In fact, I got a C++ (working) DLL that I want to import into my C# project to call it's functions.

It does work when I specify the full path to the DLL, like this :

string str = "C:\\Users\\userName\\AppData\\Local\\myLibFolder\\myDLL.dll";
[DllImport(str, CallingConvention = CallingConvention.Cdecl)]
public static extern int DLLFunction(int Number1, int Number2);

The problem is that it's gonna be an installable project, so the user's folder will not be the same (ex : pierre, paul, jack, mum, dad, ...) depending computer/session where it'd be runned on.

So I'd like my code to be a little more generic, like this :

/* 
goes right to the temp folder of the user 
    "C:\\Users\\userName\\AppData\\Local\\temp"
then go to parent folder
    "C:\\Users\\userName\\AppData\\Local"
and finally go to the DLL's folder
    "C:\\Users\\userName\\AppData\\Local\\temp\\myLibFolder"
*/

string str = Path.GetTempPath() + "..\\myLibFolder\\myDLL.dll"; 
[DllImport(str, CallingConvention = CallingConvention.Cdecl)]
public static extern int DLLFunction(int Number1, int Number2);

The big deal is that "DllImport" desire a "const string" parameter for the DLL's directory.

So my question is :: What could be done in this case ?

Contrary to the suggestions by some of the other answers, using the DllImport attribute is still the correct approach.

I honestly don't understand why you can't do just like everyone else in the world and specify a relative path to your DLL. Yes, the path in which your application will be installed differs on different people's computers, but that's basically a universal rule when it comes to deployment. The DllImport mechanism is designed with this in mind.

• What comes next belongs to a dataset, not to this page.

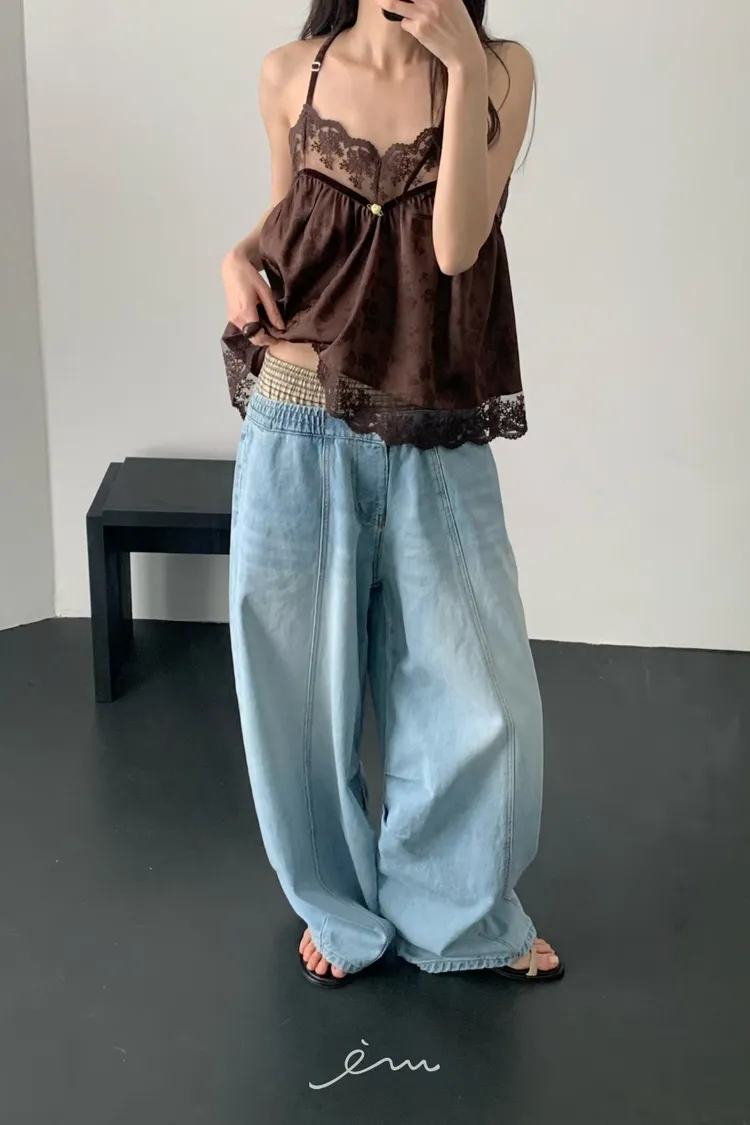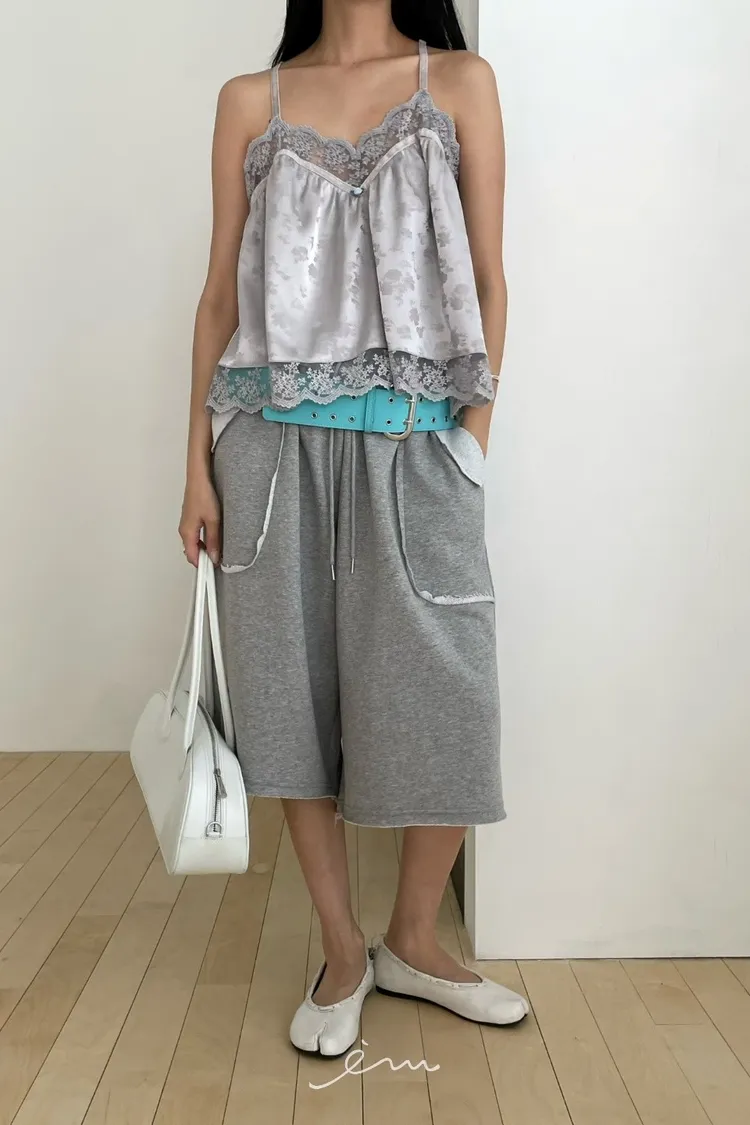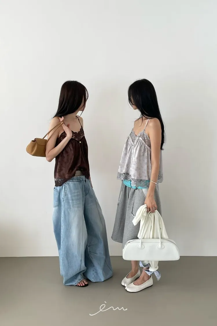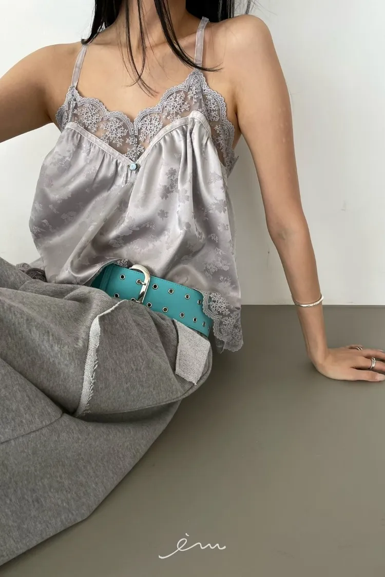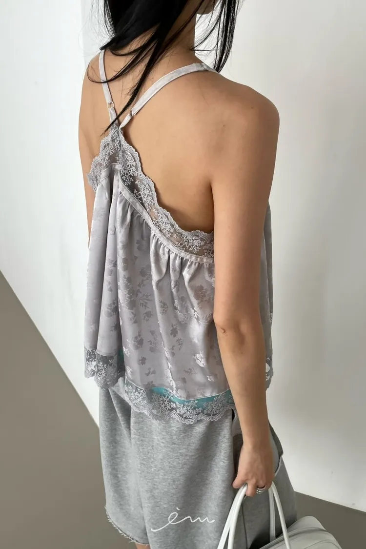 Tomgirl小玫瑰花拼蕾絲細肩背心

In fact, it isn't even DllImport that handles it. It's the native Win32 DLL loading rules that govern things, regardless of whether you're using the handy managed wrappers (the P/Invoke marshaller just calls LoadLibrary). Those rules are enumerated in great detail here, but the important ones are excerpted here:

Before the system searches for a DLL, it checks the following:

• If a DLL with the same module name is already loaded in memory, the system uses the loaded DLL, no matter which directory it is in. The system does not search for the DLL.
• If the DLL is on the list of known DLLs for the version of Windows on which the application is running, the system uses its copy of the known DLL (and the known DLL's dependent DLLs, if any). The system does not search for the DLL.

---

If SafeDllSearchMode is enabled (the default), the search order is as follows:

1. The directory from which the application loaded.
2. The system directory. Use the GetSystemDirectory function to get the path of this directory.
3. The 16-bit system directory. There is no function that obtains the path of this directory, but it is searched.
4. The Windows directory. Use the GetWindowsDirectory function to get the path of this directory.
5. The current directory.
6. The directories that are listed in the PATH environment variable. Note that this does not include the per-application path specified by the App Paths registry key. The App Paths key is not used when computing the DLL search path.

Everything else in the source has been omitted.